When states entrust core functions to external platforms, they are not simply outsourcing services. They are integrating elements of governance into systems that operate beyond traditional jurisdictional boundaries. This, Tan argues, complicates the exercise of sovereignty and redistributes power across a wider set of actors.

 

Strategic interdependence and the limits of autonomy

Despite intensifying competition, the trajectory of the system does not point toward complete technological independence. Tan argues that the emerging landscape is better understood as a highly interconnected order, in which different actors control different segments of the same system.

We are moving toward a world of strategic interdependence, where no state— perhaps not even the United States or China—can be truly sovereign when it comes to technology.

Recent research supports this assessment. A 2025 study in the Journal of International Economics finds that disruptions in semiconductor supply chains produce ripple effects across multiple regions, reflecting the extent to which production, design, and assembly are distributed globally. Similarly, analyses by the International Monetary Fund have shown that technological fragmentation increases costs and inefficiencies without fully eliminating cross-border dependencies.

Within this system, Tan explains, control is distributed across multiple nodes, with semiconductor manufacturing, data generation, and infrastructure often located in different regions yet functioning as an integrated whole.

This does not eliminate competition but reframes it. While major powers such as the United States and China continue to pursue full-stack autonomy—investing in domestic chip manufacturing, cloud infrastructure, and end-to-end control—this objective remains difficult to fully realize. For middle power states, Tan argues, the focus shifts away from achieving full autonomy and toward securing advantageous positions within a network of interdependence.

 

Leverage in a constrained landscape

For countries that do not control the full technological value chain, this environment presents a complex strategic challenge. Attempts to replicate entire ecosystems domestically are often constrained by cost, capability, and time. At the same time, reliance on external systems introduces vulnerabilities.

Tan argues that the starting point for these countries should be a reassessment of their position within the system.

“The first thing that these countries should recognize is that they are not powerless. They simply need to find their leverage points,” he said.

These leverage points vary across contexts, Tan explains. Some countries possess favorable conditions for data center development, including energy availability and regulatory flexibility, while others occupy critical positions within semiconductor supply chains, producing specialized components that are difficult to substitute.
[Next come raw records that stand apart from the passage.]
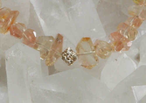 This necklace is made using 53 faceted, gem grade, Sunstone nuggets and 7 -7.7mm Sterling Silver beads. The necklace is finished off with a Sterling Silver toggle clasp with 2 Onyx cabochons at each end of the toggle and including clasp is approximately 18" long.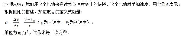 学生:既然时间、速度变化量都不同,那么我们用一种数学上的方法,就是看单位时间内速度的变化量,也可以得出结论。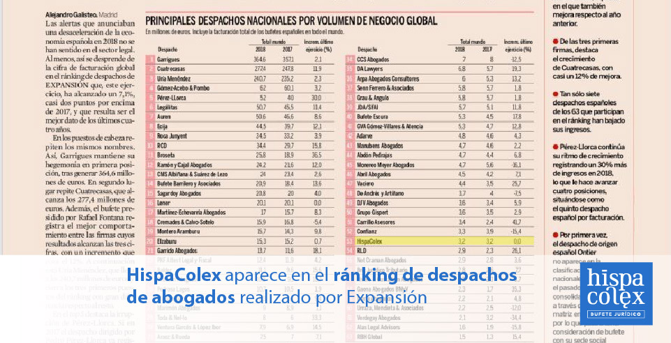 Cada año, el periódico económico Expansión hace público el ránking de despachos de abogados en el que incluye a las firmas legales de España con mayor peso en el sector. Y este año, a pesar de ser el segundo año consecutivo en el que el sector ralentiza su crecimiento, HispaColex Bufete Jurídico ha conseguido colarse en este notorio listado legal que sirve como referente del estado en el que se encuentran los despachos a nivel nacional e internacional.
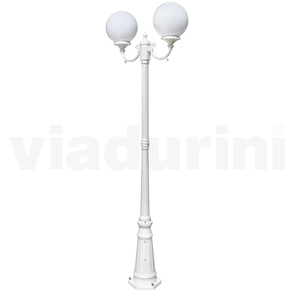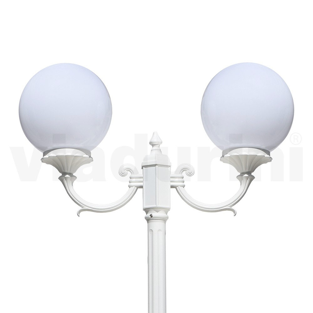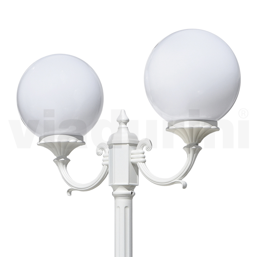 Candeeiro de jardim fabricado com estrutura em alumínio fundido e difusor esférico em acrílico opalino , inteiramente Fabricado em Itália.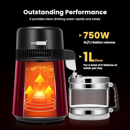 - DURABLE MATERIAL SMART DESIGN - This VIVOHOME distilled water machine is made of premium food-grade 304 stainless-steel and BPA-free plastic material, which is durable and leak-resistant; Interior components are of the highest quality; Designed with an extra waterproof ON/OFF smart switch on the shell of this electric water distiller so that you can leave for a while during distillation, it is safer and convenient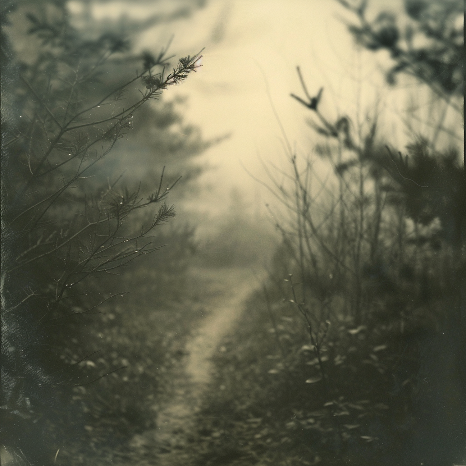 A misty forest path enveloped in fog, creating a mysterious and serene atmosphere with soft, monochromatic tones.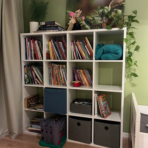 Jyskin hyllymoduuli omilla jaloilla. Osia saa koottua päällekkäin, joita Jysk vielä myy. Ollu kaksi kk käytössä, nyt ei löydä paikkaansa. Lokeroihin sopii myös hyvin säilytyslaatikot. Yhden lokeron koko on 33 x 33. Ovh. 55€.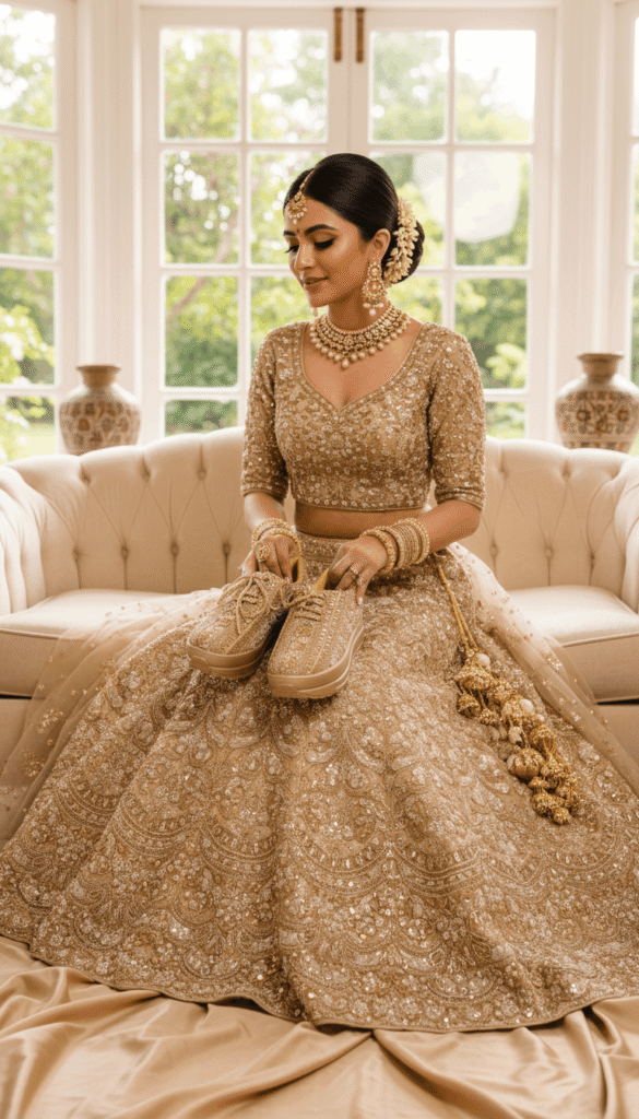 “My mom laughed when I said I’d wear sneakers with my lehenga. Now she wants her own pair. They’re comfort, culture, and couture all in one.”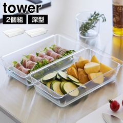 山崎実業 電子レンジ対応連結できる洗いやすい下ごしらえ調理トレー 連結 2個組 タワー tower 10337 クリア 公式 バット 食洗機対応 深型 下ごしらえ トレー 2個セット 電子レンジ対応 色移りしにくい 耐熱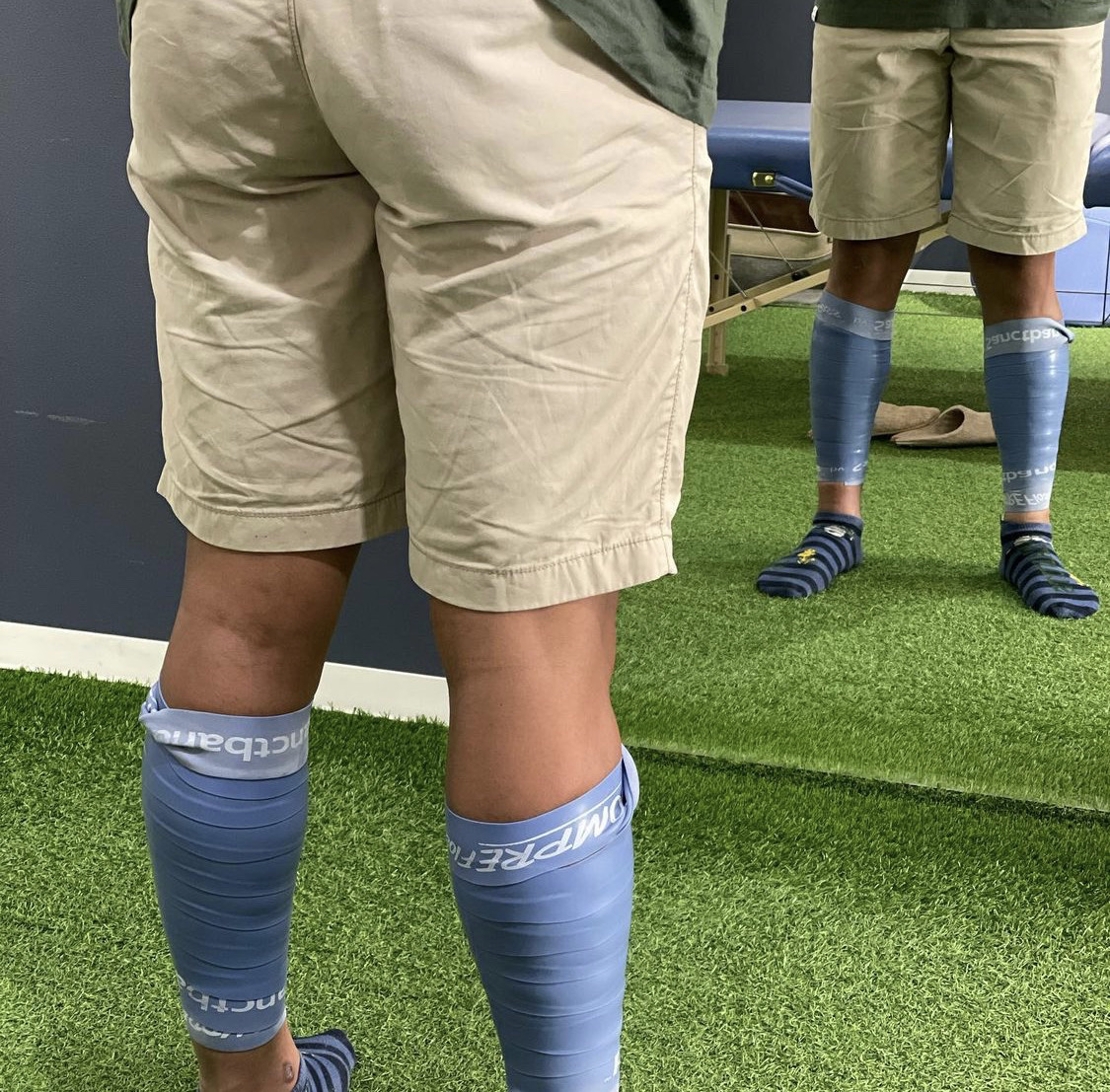 バンドの圧力と筋肉動作で血流や体内水分をせきとめた後、バンドを外して一気に滞留を組織へ流しこむことで浮腫、疲労や可動域の改善をすることができます✨

In some cases, he adds, value lies in data itself, particularly when it is generated through real-world processes that cannot be easily replicated elsewhere.

Tan points to the example of wartime data collection as a source of strategic value, where real-time information can shape both technological development and operational decision-making. This illustrates how leverage can emerge from participation in the system rather than control over it.

The strategic objective, in this context, is not to eliminate dependence but to manage it. Countries can position themselves as indispensable within specific segments of the supply chain, using that position to negotiate access, shape standards, and advance their own technological interests.

This approach reflects a broader shift in how power is understood. Control is no longer derived from dominance across the entire system, but from the ability to influence key points within it.